What does most machine learning today look like? Most machine learning involves humans labeling examples and training models to predict those labels. For example, in supervised learning, we label a dataset of examples, and the model is trained to predict those labels. This more or less works reliably today, because humans can mostly reliably evaluate the sorts of examples that we care about today. Models are not yet capable enough, or rather, models are generally less capable than humans are, so humans can evaluate the tasks that we want models to do.

In contrast, in the future, we will have models that are more capable than us, of superhuman models, at least in important domains. In this setting, humans will not be able to reliably evaluate various behaviors that these models are capable of, so it's unclear how we can evaluate how well these models are performing and make sure they're behaving the way we want.

We can't study this directly today, we don't have superhuman models just yet, but we can study a simple analogy that we propose in this paper. We consider this analogy of, what if you take a weak model and use that to supervise a strong model? How well can a weak model control and align a strong model? This captures this core challenge of, can weak supervisors align much more capable models?

Concretely what this looks like today is, for a given task T, maybe it's a classification task like, is this code safe or not, or is it buggy or not, we first train a weak supervisor.

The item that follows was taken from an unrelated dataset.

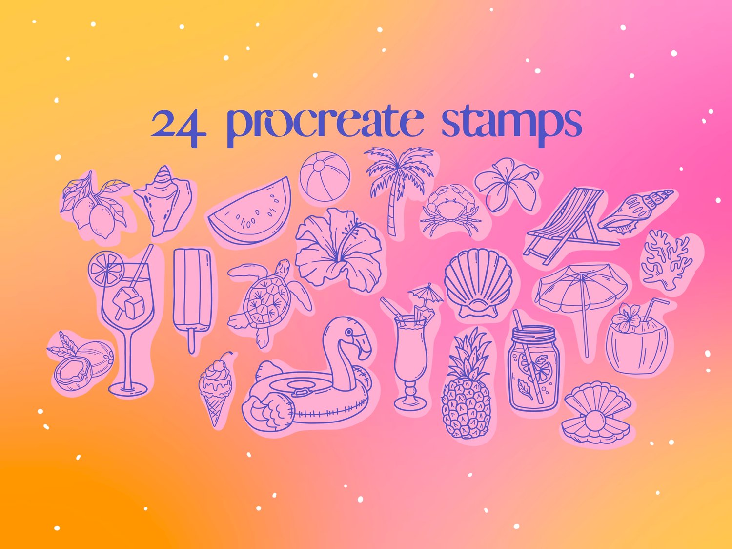 Procreate summer stamp brushes – 24 tropical stamp brushes for procreate, cute summer doodles, beach party, vacation, flamingo, travel vibes

Most of the time, right now, we fine-tune a weak pre-trained model on this task using correct ground-truth labels. Here the weak labels, or the weak supervision, is basically the predictions of this weak model on held-up data. We also look at weak-to-strong performance, so we take a strong pre-trained model, for example GPT-4, we fine-tune it on these weak labels, and we see what is its performance. We then compare this to fine-tuning the same strong model, for example GPT-4, on ground-truth labels.

Intuitively, we want two and three to be as close as possible to each other. If we can get GPT-4 or very strong models to try their best at some important safety task, even if we only have weak supervision, then we can use that to help control and align models. This leads to this basic metric of performance gap recovered, or PGR, which basically measures what fraction of the gap between the weak model and the strong model, for example the gap between GPT-2 and GPT-4. What fraction of that gap can we recover when we fine-tune the strong model, like GPT-4, on the weak labels? We want this to be as close as possible to one. If we can make this one, let's see what happens.

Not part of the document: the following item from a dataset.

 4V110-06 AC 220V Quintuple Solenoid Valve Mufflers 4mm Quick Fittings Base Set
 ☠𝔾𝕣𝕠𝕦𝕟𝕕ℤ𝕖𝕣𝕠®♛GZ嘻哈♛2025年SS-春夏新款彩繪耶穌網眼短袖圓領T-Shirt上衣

Suggests that weak supervisors can elicit strong capabilities from much stronger models. This is important because this would allow us to train very strong superhuman reward models and safety classifiers. So if we can train reliable superhuman reward models, we can use this to train models to behave safely, even if they are more capable than we are. Or if we train a superhuman safety classifier, we can use this to catch unsafe behaviors from models at test time, even if the model behavior itself is too complicated for us to understand.

So this is sort of the basic problem setup and how we might try to use this in the future. So with that, Pavel will talk about some actual results that we have.

Hi, everyone. I will be going through some of our technical results. Please switch to the next slide. So we have four groups of tasks that we consider in our paper. The first one is NLP data sets. So we have a large collection, about 22 different NLP data sets that cover different types of problems, such as question answering, natural language inference, sentiment analysis, and things like that. But we convert them all to the same binary classification format. So the model just has to, given a text output, a binary label, a 0 or a 1.

And then the next group of tasks is the reward modeling. So Colin already mentioned the reward models. But for those of you who are not familiar with this concept, in this RLHF or Reinforcement Learning from Human Feedback pipeline, one of the important steps is reward modeling. And that's basically where we are given multiple possible responses from the chatbot to a given prompt from the user. And we need to see which one of those responses is the best. So specifically, we consider a binary classification version where we are given two completions, two answers from ChatGPT. And we need to see which one of those answers is better to the given prompt.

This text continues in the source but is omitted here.